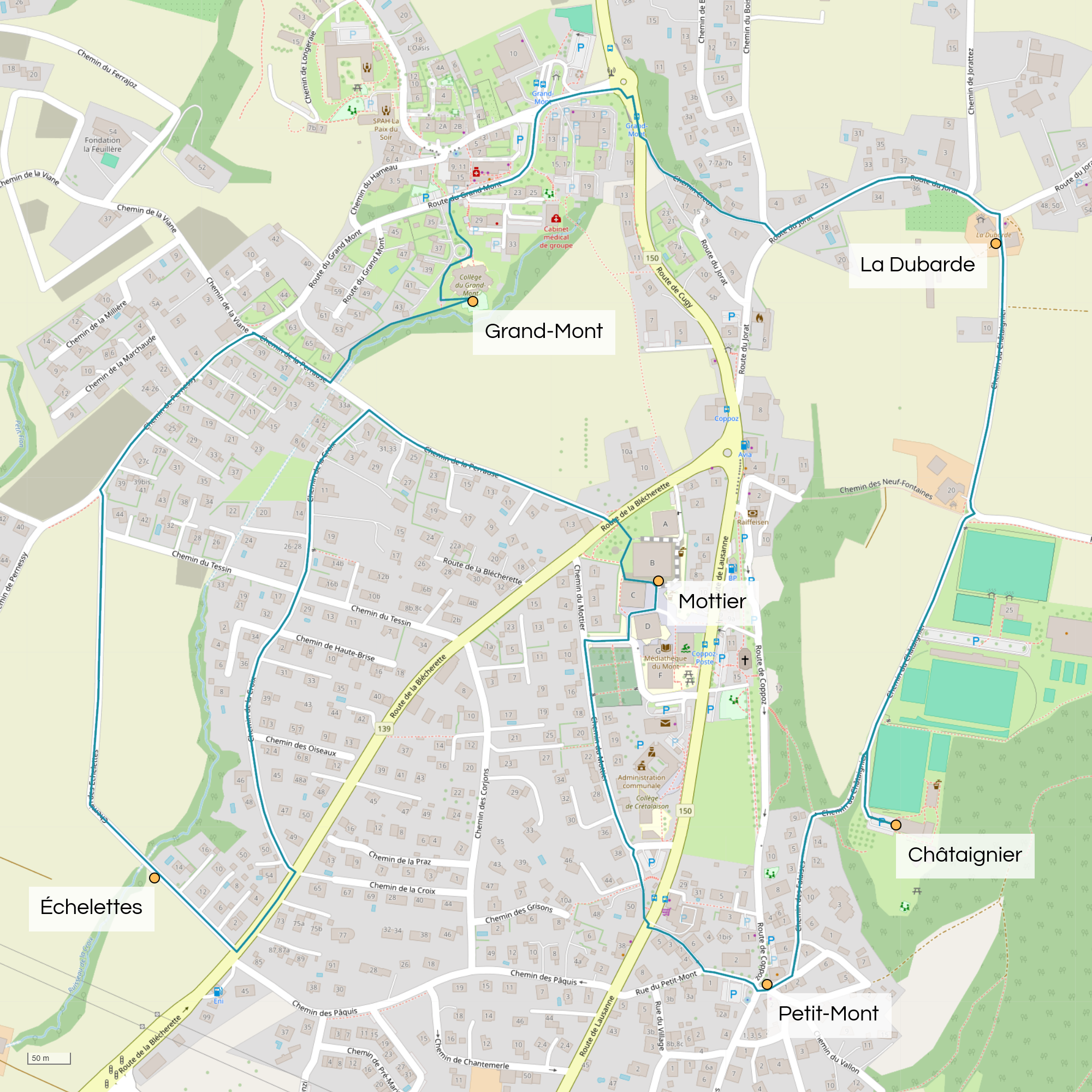 Le parcours, qui part du Châtaignier, passe par le Petit-Mont, le collège du Mottier, le chemin des Échelettes, le collège du Grand-Mont et La Dubarde. Il est accessible aux poussettes et aux personnes à mobilité réduite.
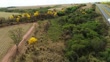 Drone Aerial View of Blooming Yellow Ipe Trees on Anhanguera Highway, São Paulo State, Brazil - HD Stock-Video
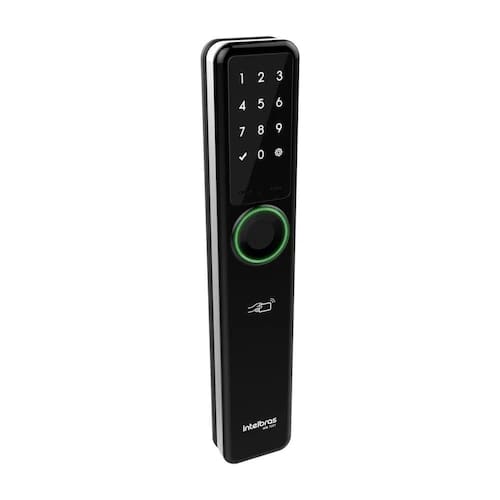 Fechadura Digital Intelbras Smart IFR-7001 - Preto Fechadura Digital Intelbras Smart IFR-7001 - Preto A fechadura smart de embutir sem maçaneta IFR 7001 faz parte do ecossistema IZY de casa inteligente da Intelbras. Através da sua fechadura smart, é possível gerar comandos para abrir cortinas, ligar ou apagar luzes, visualizar imagens de câmeras, ligar e desligar equipamentos e muito mais. A IFR 7001 conta com abertura por até 9 senhas, até 100 tags de proximidades, até 100 biometrias digitais e remotamente através do app IZY. Sua alimentação é feita por 4 pilhas AA com duração média de 10 meses considerando 10 acessos diários . A fechadura smart IFR 7001 conta com funções como travamento automático, função não perturbe, gerenciamento de acessos e usuários de forma totalmente remota necessário aquisição de um hub de automação IZY ICA 1001 para habilitar as funções de casa inteligente e app - item vendido separadamente . Com mortise padrão ABNT 14913 a IFR 7001 possui uma das instalações mais fáceis do mercado e conta com mecanismo com trinco rolete, ideal para portas pivotantes com puxadores. Características técnicas Cadastro de até 9 senhas Cadastro de até 100 biometrias Cadastro de até 100 tags Acompanha 2 chaves físicas Fechadura de embutir para portas de 30mm a 60mm Mortise de fácil troca: padrão ABNT 14913 com trinco rolete Biometria de alta precisão Alimentação por 4 pilhas AA com duração média de 10 meses 10 acessos diários Função Não Perturbe Função Travamento Automático Alerta de bateria fraca Abertura remotamente pelo app Izy Gerenciamento de acessos pelo app senhas, relatórios de entrada, datas ; Conexão com diversos dispositivos da família Izy Compatível com Amazon Alexa e outros dispositivos do mercado Necessário aquisição do hub de automação ICA 1001 vendido separadamente Material da Porta: Metal Freqência de operação: Mifare Modelo do produto: IFR 7001 Cor: Preto Quantidade pacote: 01 Comprimento do produto: Módulo Interno: 4,8 cm Módulo Externo: 2,5 cm Largura do produto: Módulo Interno: 5,0 cm Módulo Externo: 5,0 cm Altura do produto: Módulo Interno: 27,0 cm Módulo Externo: 27,0 cm Peso do produto: Módulo Interno:0,458 Kg Módulo Externo: 0,474 Kg Local de uso: Uso interno Modo de Acesso: Biometria, Chaveiro de aproximação, Senha, Chave, Aplicativo Conteúdo da embalagem 01 fechadura digital 04 pilhas 01 gabarito de instalação 01 kit fixação 02 chaves 03 tags adesivas 03 tags de proximidade 01 manual de instalação 01 manual do usuário Cor: Preto de 12 meses contra defeitos de fábrica.
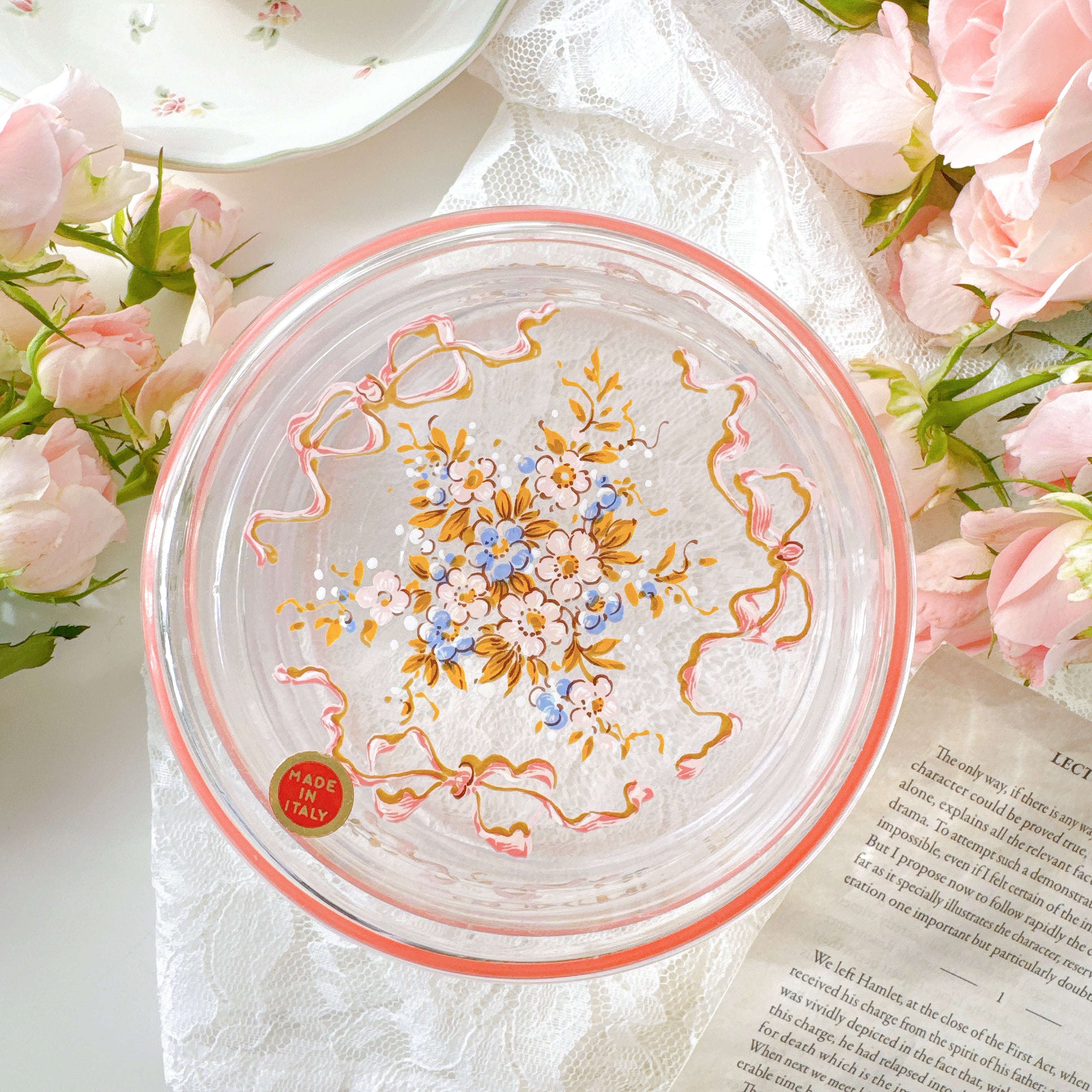 ハンドペイントのようなタッチで描かれたリボンとお花の
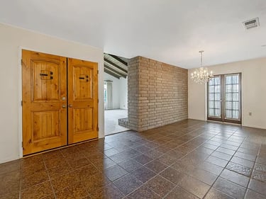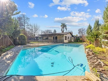 The charming front courtyard and mature landscaping create a warm first impression, while inside you'll find spacious living areas highlighted by vaulted, open-beam ceilings and a brick fireplace that anchors the main living room. Large windows bring in natural light and views of the lush grounds, enhancing the home's comfortable, classic feel. The kitchen retains its original charm with abundant cabinetry and functional layout, ready for everyday living or future customization. Bedrooms are well-sized, offering flexibility for family living, guests, or home office space. The home offers a whole-house fan and a convenient central vacuum system. Step outside to discover a backyard designed for both relaxation and entertaining. The expansive lot features a covered patio, mature trees, and a sparkling pool—perfect for warm Central Valley days. With ample space for gardening, play, or expansion, this property offers rare versatility. Located in a quiet, established neighborhood with pride of ownership, this home combines space, character, and opportunity—an ideal setting to create lasting memories.
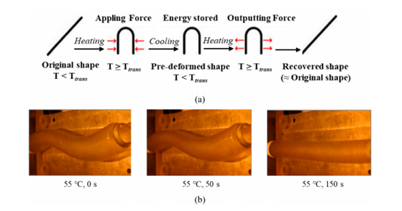 图8 (a)SMP的形状记忆效应(b)SMP模具用于风管部件的制造工艺
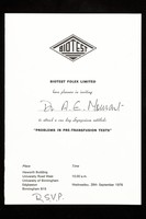 Credit: Programme of One Day Symposium on 'Problems in pre-transfusion tests', University of Birmingham, 29 September 1976. Source: Wellcome Collection.
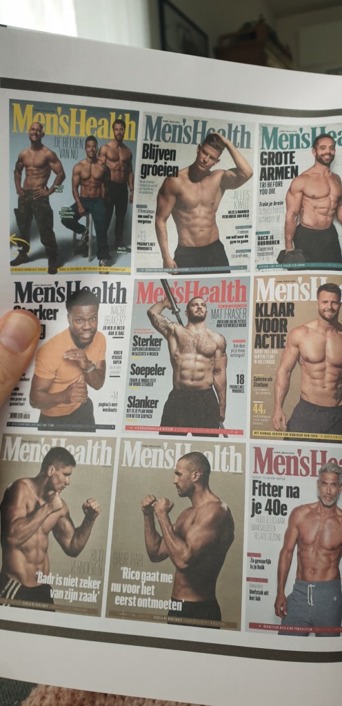 Terwijl ik door de Men’s Health van mijn echtgenoot bladerde besefte ik dat het niet alleen vrouwen zijn die soms twijfelen aan hun uiterlijk. Als ik de mannen in het magazine van nader bekijk (het was niet lastig) vraag ik me af: je moet toch enorm veel tijd hebben om te sporten om er zo uit te zien? Zijn dat mannen die fulltime werken en een gezin thuis hebben, nieuwe omheiningen plaatsen tijdens het weekend nadat ze soep kookten voor hun kroost? Mijn lief gaat gemiddeld 2 keer in de week fitnessen, dat vraagt al heel wat planning en organisatie. Hij ziet er knap uit en dat zelfvertrouwen straalt hij uit, maar hij ziet er niet zo uit:
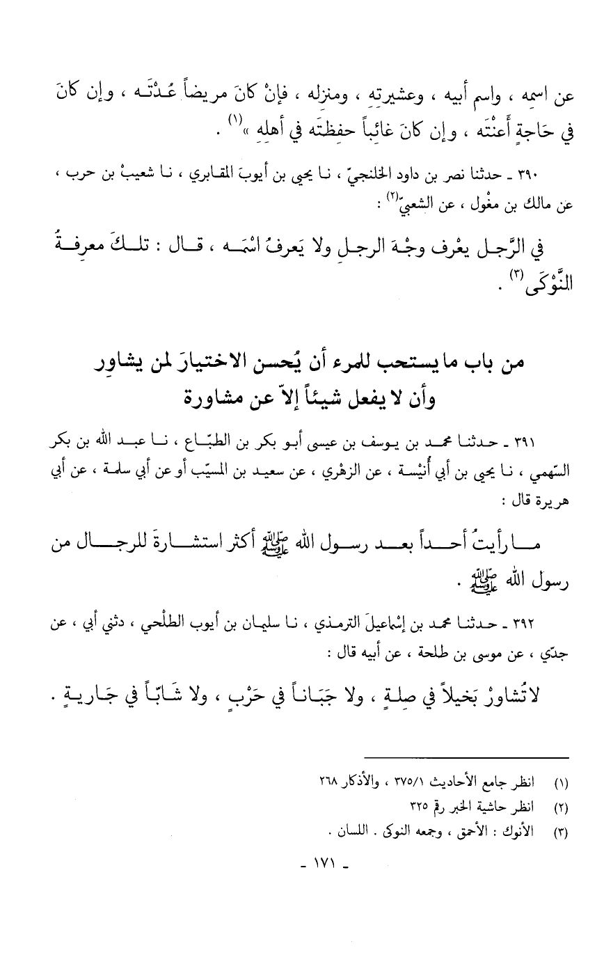 من بَابُ مَا يُسْتَحَبُّ لِلْمَرْءِ أَنْ يُحْسِنَ الِاخْتِيَارَ لمن يُشَاوِرُ وَأَنْ لَا يَفْعَلَ شَيْئًا إِلَّا عَنْ مُشَاورَة
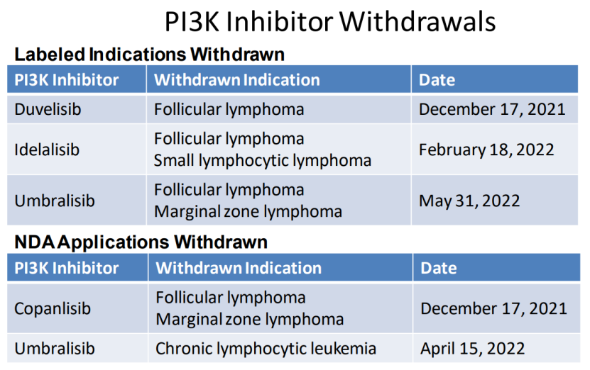 截至2023年8月,FDA撤回适应症和被NDA拒绝申请的PI3K药物药物撤市、取消研发,主要是PI3K靶点的毒性问题。根据FDA的回顾性分析,当时已上市的4款PI3K抑制剂可能引起毒性而缩短血液肿瘤患者的预期寿命。也就是说,癌细胞确实是没了,结果患者也因为药物副作用也不行了……援引FDA肿瘤卓越中心主任Richard Pazdur博士的话就是:这样的观察结果是“史无前例”的。![]()
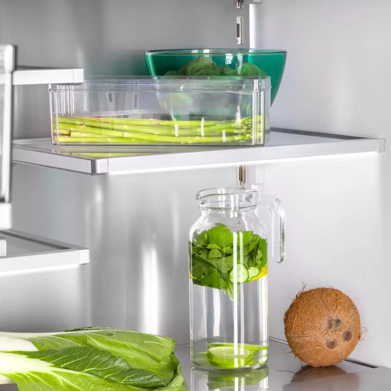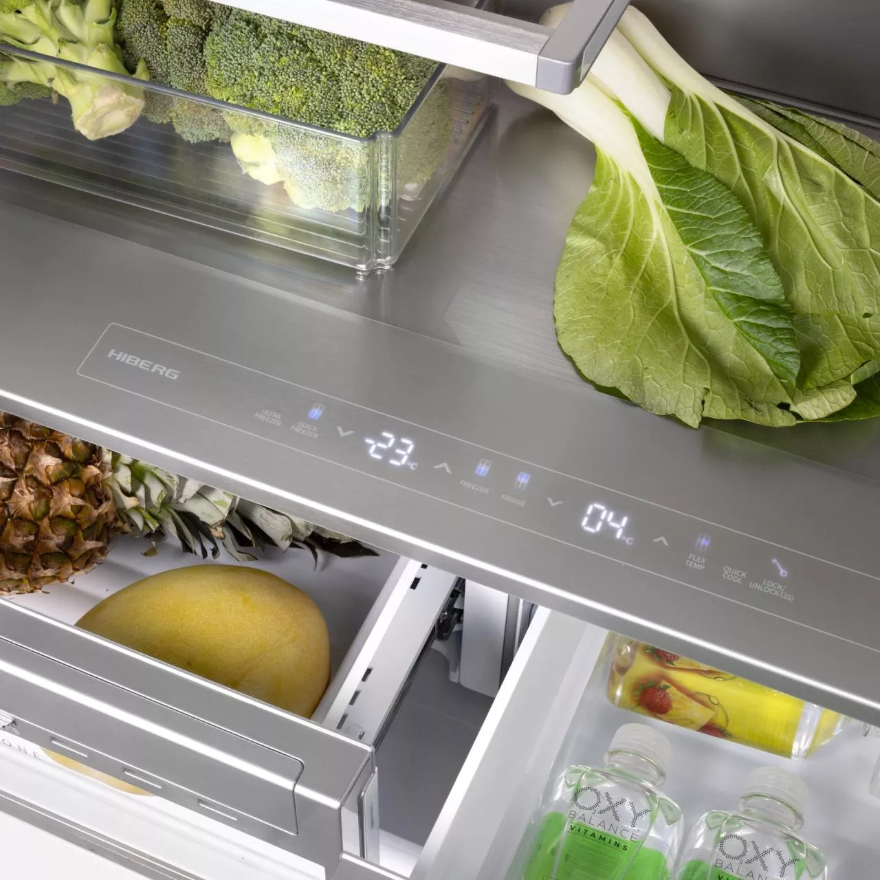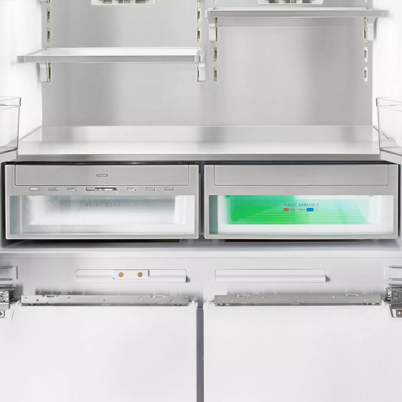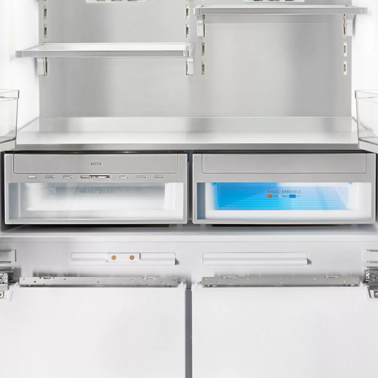 — 2 выдвижных ящика для овощей и фруктов (зона влажности и ящик с индивидуальной зоной охлаждения);

- [Problem to solve] Could you repeat, exactly and with nothing added, the lines from the top of the entries above through the line that holds "Drone Aerial View", leaving out any pictures?

- [Answer box]
 Le parcours, qui part du Châtaignier, passe par le Petit-Mont, le collège du Mottier, le chemin des Échelettes, le collège du Grand-Mont et La Dubarde. Il est accessible aux poussettes et aux personnes à mobilité réduite.
 Drone Aerial View of Blooming Yellow Ipe Trees on Anhanguera Highway, São Paulo State, Brazil - HD Stock-Video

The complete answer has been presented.